AML and CML are diagnosed by the characteristic findings on bone marrow examination; as a result, PET scan is not a routine in the diagnosis. For AML, PET scan can help detect recurrence and relapse of disease, specially extramedullary disease, and also helpful in patients who present with fever of unknown origin [14]. Typically, PET scan will show increased uptake in the bone marrow, which can be homogenous or nonhomogenous.
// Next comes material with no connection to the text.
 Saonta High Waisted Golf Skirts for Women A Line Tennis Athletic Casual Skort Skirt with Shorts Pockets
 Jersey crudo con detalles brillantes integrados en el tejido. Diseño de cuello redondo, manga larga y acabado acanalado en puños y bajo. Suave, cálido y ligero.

The increased bone marrow uptake is very sensitive, with a sensitivity of 93.3% [15]. The drawback is the low specificity due to other causes of increased bone marrow uptake like infections or treatment with granulocyte colony-stimulating factor (GCSF) or erythropoietin [16]. The major benefit of PET scan is the detection of extramedullary disease, which might be difficult to diagnose early or until a significant increase in the mass size. The findings in our reported case suggest PET scan is helpful in detecting chloroma in a patient with CML.

Conclusion

Myeloid sarcoma is difficult to diagnose, and treatment is challenging. In patients with CML, myeloid sarcoma is more challenging as it is a very uncommon finding, and treatment outcome is not clear due to the few reported patients. Despite being rare, the clinician should have suspicions of this rare diagnosis and not to miss it for other causes like abscesses or infections. PET scan and MRI are useful imaging modalities that can aim to catch the diagnosis.

Statement of Ethics

The case was approved by the Medical Research Center in Hamad Medical Corporation in Doha, with MRC-04-22-269. Written informed consent was obtained from the patient for publication of the details of their medical case and any accompanying images.
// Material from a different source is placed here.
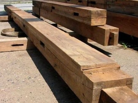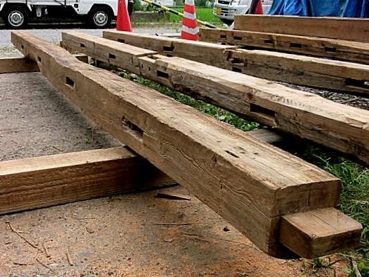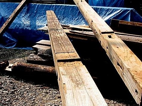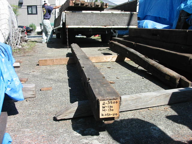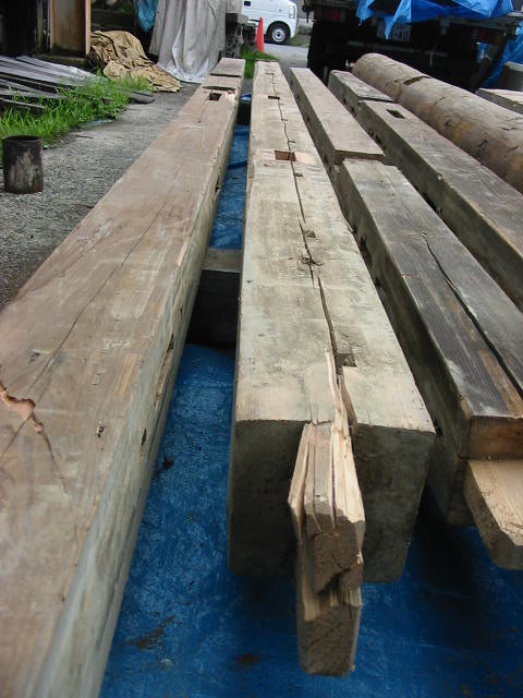 当初は移築再生用に手ばらしで解体したもの。その後、再び移築されることなく、古材を引き取ることになりました。桁材もまとまった量が確保できました。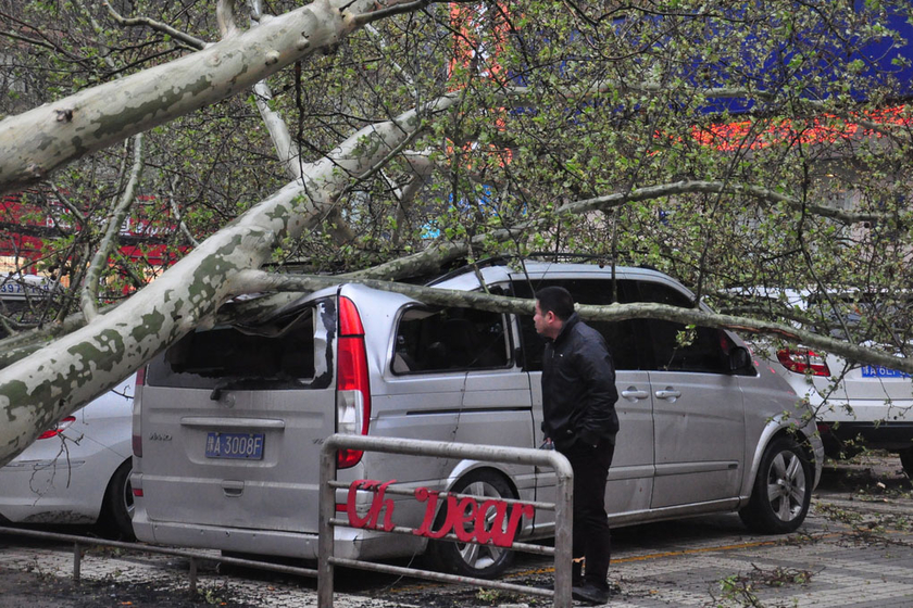2015年4月1日,河南郑州刮起大风,一棵60年树龄的法国梧桐树突然倒下,砸中四辆轿车,其中一辆商务车损伤严重。李四信/东方IC

Conflict of Interest Statement

All authors have no conflicts of interest.

Funding Sources

No fund was received, payment for open access by the Qatar National Library.

Author Contributions

Elrazi Ali and Mohammed A. Yassin wrote and edited the final manuscript. Mohammad Abu-Tineh, Mohamed Abdelrazek, and Eihab A. Suhabi edited the final manuscript. Mahir Petkar and Mzaki Karzoun contributed to the histology part of the final manuscript. Lajos Szabados edited the radiology part of the final manuscript.

Data Availability Statement

All data generated or analyzed during this study are included in this article. Further inquiries can be directed to the corresponding author.